The House of Einstein
    In Gideon’s opinion, the mail coach wasn’t worth half of what he’d paid. Pulled by a team of four horses, the battered old carriage was stuffed with sacks of letters.
    Gideon was invited to find a spot for the journey by the coachman, who didn’t speak to him again other than to rouse him in darkness and tell him he was to get out. The driver just laughed when Gideon asked how close to London he was, and the coach rumbled away. Night had fallen and so, now, did a hard summer rain, drenching Gideon. He walked for what seemed like hours through bare countryside, no sign of civilization, nor an inn where he could beg for help.
    Until he saw the house.
    Gideon emerged from a thin copse on a gentle hillside and saw it nestling in a small valley, a large mansion of gray stone, almost invisible in the darkness against the black hills. A single lit window betrayed the presence of someone inhabiting the place. As he drew closer, the building emerged from the night as a rather singular work of architecture, a mashed- together riot of fairytale towers, rickety wooden lean-tos, a glass domed roof, and joists and pulleys swinging in the wind at the eaves. Before the terrace fronting the house there were small lawns, and Gideon saw a figure bent over a lawnmower, as though exhausted. Gideon hailed him, but a clap of thunder snatched his words away; the figure remained motionless. As he hurried closer, he saw the man was certainly some kind of domestic staff, given his tattered garb, but he could not understand why he was cutting the grass in such a storm.
    “Ho,” called Gideon as he neared. “Foul weather.”
    Gideon laid a hand on the man’s arm. It was as hard and unflinching as iron. Gideon frowned and bent closer. He was iron, or metal at least. A life- sized statue, leaning on a lawn mower, dressed in real clothes and boots. How odd. Gideon patted the metal man on his solid shoulder and said, “Think I’ll ask for a bed for the night, before I end up a pile of rust like you.”
    The voice came little louder than a whisper. “The master is not in residence.”
    Gideon inspected the statue’s face. Was there the faintest light behind those glass lens eyes, where before they had been dead and blank? He moved his hand in front of the glass and leaned in close to the rusted mouth.
    “The master is not in residence.”
    “What are you?” whispered Gideon.
    “The master is not in residence,” said the figure, the last word a whine of clashing wheels and freezing gears. Then the dull light faded and the thing was silent once more.

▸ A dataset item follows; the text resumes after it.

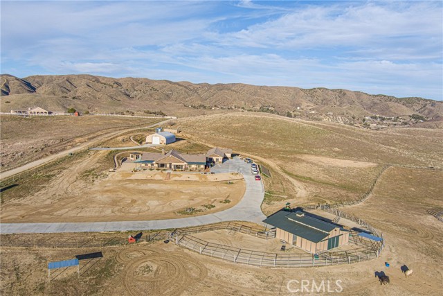 Welcome Home to this Gorgeous Handcrafted Custom Home that Sits on Over 10 Acres with Panoramic Views of Leona Valley. Expansive Gathering Spaces in this Single Story Home Make it Perfect for Entertaining Indoors & Outdoors. This Home Offers Beautiful Finishes Including Custom Alder Wood Cabinetry, Polished Granite Counters, High Quality Appliances, Fixtures & Attractive Flooring Throughout. The Home Features 4 Bedrooms & 3 Bathrooms. Spacious Family Room with a Custom Stoned Fireplace. Large Kitchen that Offers Upgraded Built-In SS Appliances, Large Center Island & a Walk-In Pantry. Spacious Master Suite Features His/Her Walk-In Closets, Separate Oversized Garden Tub & Custom Oversized Shower. Three Additional Bedrooms with Large Closets. Attached Oversized 3 Car Garage, & an Indoor Laundry Room. A Dream Workshop Featuring 2,375 sq. ft. to Store all of Your Toys and/or Your Classic Automobiles, Tools & Equipment. In Addition is an 1,800 sq. ft. 5 Stall Barn with Tack Room & Corrals for Equestrian Use. Fully Owned Solar System with 40 Panels & 2 Inverters Provides Terrific Energy Efficiency. Covered Patio Offers 1,400 sq. ft. with a Beautiful Built-In Kitchen for Outdoor Barbeques & an Enclosed Above Ground Hot Tub to Relax & Enjoy. Detached 1,000 sqft. Guest House Features 2 Bedrooms & 1 Bathroom, Indoor Laundry Room, & So Much More! Too Many Amenities to Mention Here. This Property is for the Discerning Buyer Who Desires Privacy & the Best of Everything.

    Gideon hammered hard on the flaking paint of the double doors for a full minute before he heard a shuffling sound from within the house. The wide stone steps were cracked and choked with weeds and dandelions and, up close, the house was in a dreadful state of disrepair.

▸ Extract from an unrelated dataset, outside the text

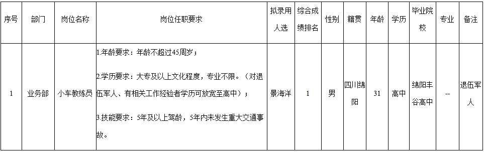 根據(jù)綿陽(yáng)市汽車實(shí)驗(yàn)駕駛技術(shù)學(xué)校股份有限公司發(fā)布的招聘公告及招聘相關(guān)規(guī)定,經(jīng)面試、實(shí)操、考察、體檢等程序,擬錄用景海洋同志到綿陽(yáng)市汽車實(shí)驗(yàn)駕駛技術(shù)學(xué)校股份有限公司工作,現(xiàn)予以公示,具體情況如下:

    “Who’s there, at this time of night?” called a man’s voice.
    “My name is Gideon Smith. I am seeking refuge from the storm.”

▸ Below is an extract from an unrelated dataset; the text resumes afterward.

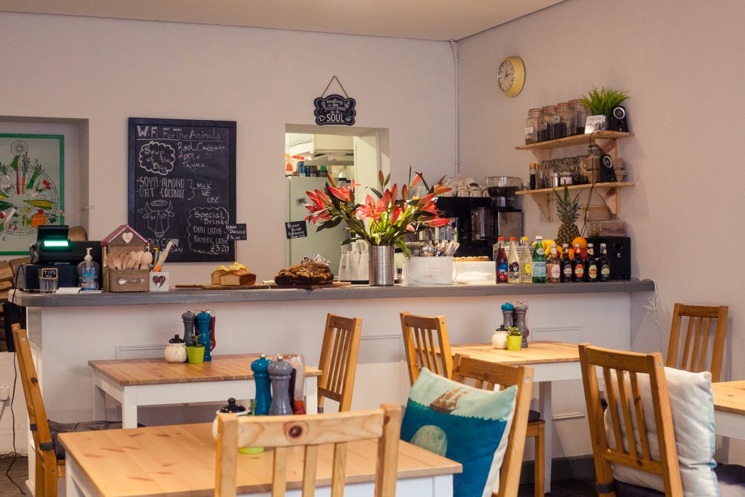 One the menu you will find what you would expect in a small cafe – a variety of plant-milks for your hot drinks, breakfast rolls, cooked breakfast, sweet treats like pancakes and French toast, granola and porridge bowls for breakfast; paninis, wraps, sandwiches and soups for lunch; and loads of vegan cakes and bakes.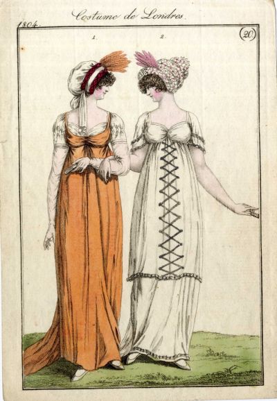 Divatkép - két nő, az egyik barackszínű, a másik fehér ruhában, melléklet, Journal des Ladies et des Modes, Costume Parisien

    There was another agonizing moment of silence, then Gideon heard the jangling of keys and bolts being slid back. An oil lamp emerged first, followed by the screwed-up face of a man about the age of Gideon’s father, snarling through rows of rotten teeth and with lank, wispy hair crowning his liver- spotted head. He looked Gideon up and down and asked, “What do you want?”
    “Shelter,” said Gideon. “A bed for the night, if there is one.”
    “The master of the house is not in residence,” said the man, squinting beyond Gideon at the storm.
    “I know. The lawnmower man told me.”